Raisonner en distinguant ces deux types de déficits permet ainsi d'estimer le niveau de déficit qui aurait été atteint si la croissance avait conservé son rythme tendanciel.

En retenant une croissance tendancielle de 2,25 %, la commission des comptes de la sécurité sociale évalue ainsi le déficit structurel du régime général, avant la crise, à 9,5 milliards d'euros , celui-ci résultant de la stabilisation autour de 10 milliards d'euros du déficit du régime général après le ralentissement économique de 2002 et 2003, et ce en dépit de certaines années de conjoncture favorables.

(b) Un handicap de sortie de crise de 30 milliards d'euros

Cependant, comme le rappelle la commission des comptes de la sécurité sociale, si cette approche « déficit structurel »/« déficit conjoncturel » est utile en temps de crise pour isoler l'effet de la dégradation conjoncturelle, elle perd son sens les années suivantes. La question n'est alors plus de savoir quelle aurait été le solde du régime général si la crise n'avait pas eu lieu, mais la question est d' évaluer l'ampleur de la conjoncture favorable qui sera nécessaire pour permettre un redressement des comptes sociaux .

Or, le régime général abordera la reprise économique avec un handicap, cette fois, de près de 30 milliards d'euros et la reprise économique ne sera pas suffisante pour résorber ces déficits .


* 2 Carmen M. Reinhart, Kenneth S. Rogoff, « The Aftermath of Financial Crises », 19 décembre 2008 ; « Growth in a Time of Debt », 7 janvier 2010 ; « From Financial Crash to Debt Crisis », 24 février 2010.

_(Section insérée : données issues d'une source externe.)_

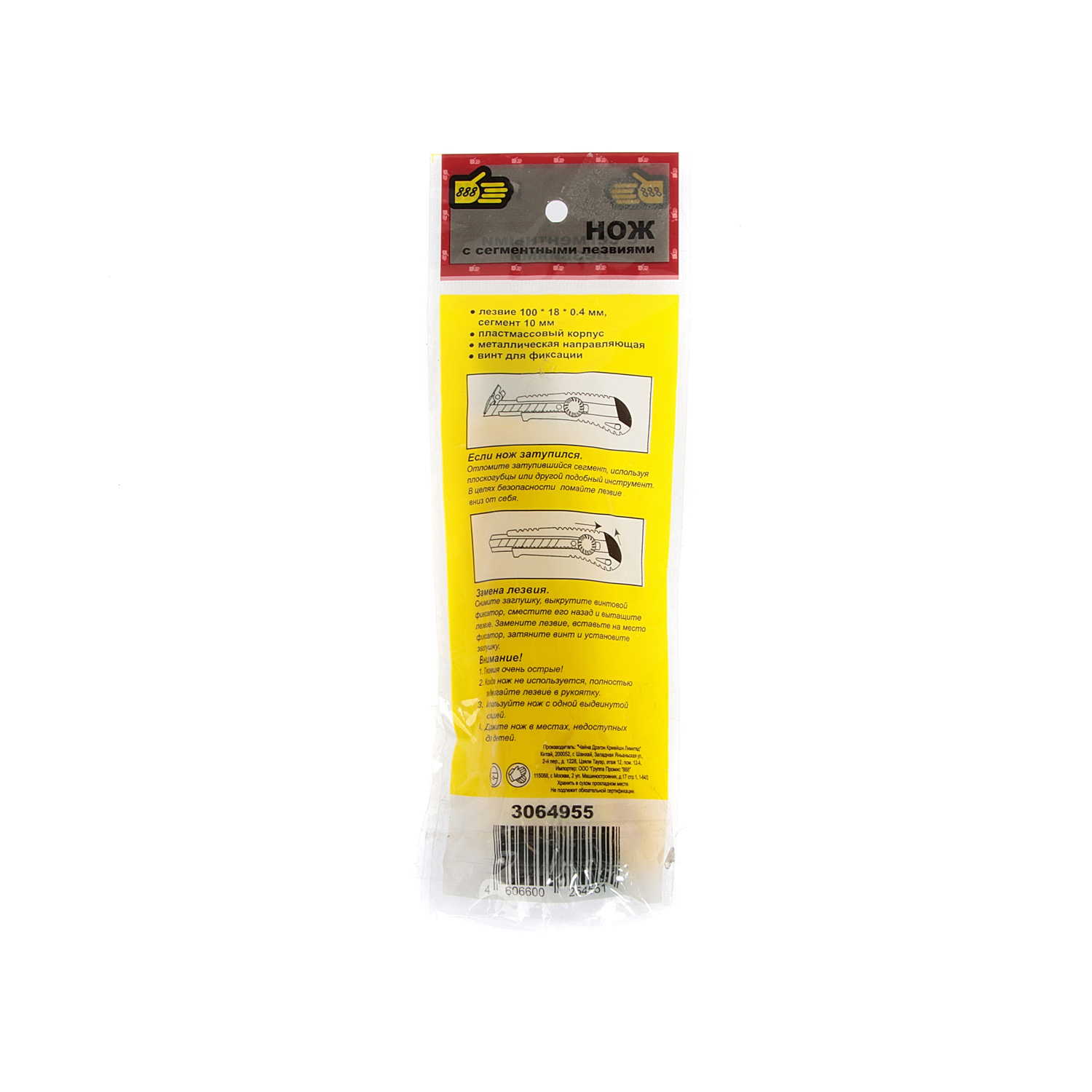 Нож 888 с металлической ведомой, ручная фиксация, 18 мм 3064955 используется для резки различных материалов. Фиксация лезвия на необходимой длине производится вручную.

* 3 L'exception concerne celle de 1907.

* 4 « Les crises bancaires (même celles d'une origine purement privée) augmentent directement la probabilité d'un défaut souverain, par elles-mêmes (conformément à nos résultats) et indirectement alors que les dettes publiques augmentent fortement. Peu d'éléments suggèrent dans cette analyse que ces cycles de dette et leurs liens avec les crises économiques aient changé de manière appréciable au cours du temps » (traduction de la commission des finances).

* 5 Intervention d'Eric Woerth, ministre du budget, des comptes publics, de la fonction publique et de la réforme de l'Etat, devant la commission des comptes de la sécurité sociale - 1 er octobre 2009.

* 6 Commission des comptes de la sécurité sociale - rapport d'octobre 2009.